**Data below**

*** Block opens ***

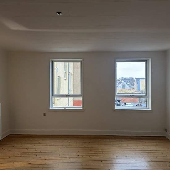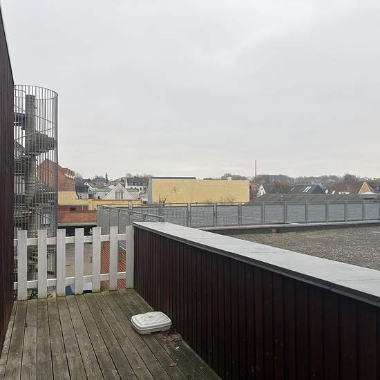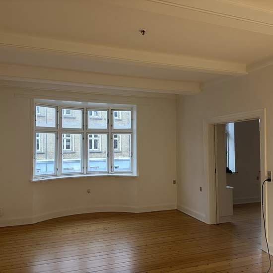 Velkommen til en indflytningsklar lejlighed på hele 147 m2, hvor klassiske detaljer møder en opdateret og hverdagsvenlig indretning. Her får du tre regulære værelser fordelt på en stor stue og to gode værelser, masser af indbygget opbevaring samt direkte adgang til en privat tagterrasse med kig over byens tage. Opholdszonen er lys og indbydende med originale plankegulve, hvide vægge og smukke, synlige bjælker. Stuen samler hjemmet og rummer nemt både sofa- og spiseafdeling. Den fine karnap med stort vinduesparti giver et behageligt lysindfa...
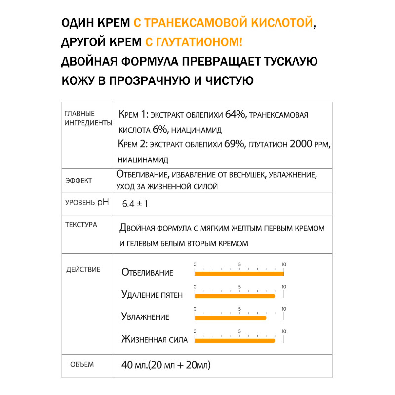 Отбеливающий крем на основе экстракта облепихи и 6% транексамовой кислоты, глубоко увлажняет, устраняет тусклость и следы усталости, осветляет нежелательную пигментацию. Замедляет процессы старения, уменьшает глубину мимических морщин и делает кожу более подтянутой. Запускает синтез коллагена и эластина, делает кожу более упругой и плотной. Крем обладает нежной текстурой, быстро впитывается и не оставляет липкой пленки.
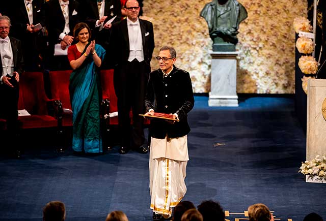 2 (of 8) Abhijit Banerjee after receiving his Prize at Konserthuset Stockholm, 10 December 2019.
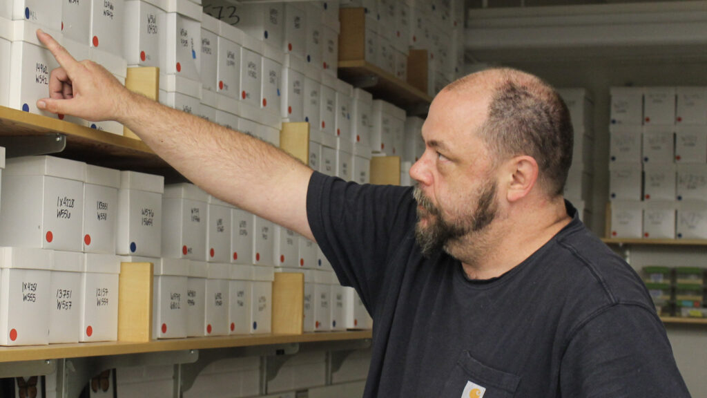 Emily Hays/IPM News U of I Evolution, Ecology and Behavior Professor Charles Roseman often studies genetic variation in baboons. His lab has a thousand baboon skeletons stored in boxes around the walls.

*** Block closes ***

**The task**
Once the line with "2 (of 8) Abhijit" is found, output it and every line after it through the end of the listing, exactly, without pictures.

**Solved problem**
 2 (of 8) Abhijit Banerjee after receiving his Prize at Konserthuset Stockholm, 10 December 2019.
 Emily Hays/IPM News U of I Evolution, Ecology and Behavior Professor Charles Roseman often studies genetic variation in baboons. His lab has a thousand baboon skeletons stored in boxes around the walls.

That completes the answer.